そして、元気よくスキップしながら、花奈の家に向かいました。
「どこにも、いない…」
「ね、いなーいっ!」
二人は、花奈の家の裏の森の中で、サンタさんをさがしていました。
「おかしいなあ…おばあさまがいるって言ったから、絶対いると思ったのにー」
「うんうん。おばあちゃんが言うこと、ぜえんぶ、当たってるもんね!」
枯れ木の向こうには、もう聖夜祭の様子は見られません。それどころか、祭りの音すらも、聞こえなくなってきました。
ザクッ… ザクッ…
二人の足音だけが、森の中にひびいていました。
「うぅ〜、寒いなあ。ねえすずちゃん、もう帰ろ?」
しかし鈴は、「ううん」と首をふりました。
「あと、もうすこし、さがそ。あと…そうだなあ、10分! 10分さがしたら、帰る! それでいいでしょ?」
花奈は「う〜ん…」とうなり、やがて、うなずきました。
「わかった、あと10分ね」
___10分後。
「あ、あの、すずちゃん? 10分、たったよ?」
「…あともう少し」
鈴はそう言って前に進みました。花奈は顔をしかめさせます。
「で、でもほら、空も暗くなったし。サンタさんもいないし。___何より、村にとても遠くなったわ」
「それが?」
「それがって…だから」
鈴はこりることなく、前に進みました。花奈はあわてたように言いました。
「だから、おそくなったら困るってこと! わたし、『語り』になるにが夢だけど、まだその途中だし。だからね、この森の道も、あまり知らないの」
「へえきだよ。あしあと、たどればいいもん」
「平気じゃないよ! ほら、見てっ!」
花奈はそう言って、鈴に後ろを向かせました。鈴はおどろきのあまり、息を飲みます。
二人の小さな足跡が、なくなっていたのです。
「な、んで…?」
鈴はびっくりして、そう言いました。
「簡単なことよ。
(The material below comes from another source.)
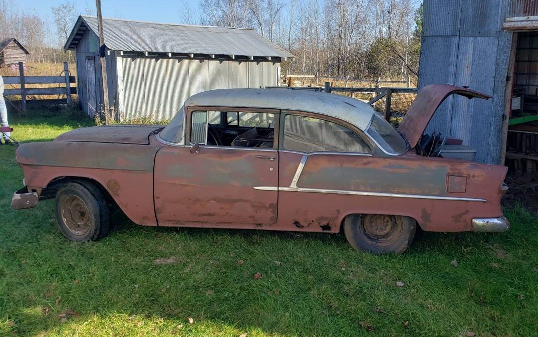 1955 2 door posts are not cheap. I have looked at a bunch of them in the $15,000-$20,000 range and they are not very great condition. This car would make a perfect project car for a gasser/hot rod….but no way would I stick $100,000 into it to make it look factory new again. You could make a Two Lane Blacktop or a Rat Rod Gasser with this car. I’m actually very interested in this car. I have been looking for a 55 for awhile now. Even $10,000 55’s are rough shape.

わたし達の足跡の上に、新しい雪がのったの。だからね、足跡が消えちゃったのよ」
「そんなこと、あるの…?」
花奈は当たり前だと言わんばかりにうなずきました。
「ええ、あるわ」
「…」
鈴は恐怖のあまり、うつむきました。そんなこと、考えてもいなかったのです。
___その時でした。
「ジングルベール、ジングルベール、鈴が鳴るっ♪」
二人の耳の中に、聞き馴染みのある、歌が聞こえてきました。クリスマスの歌です!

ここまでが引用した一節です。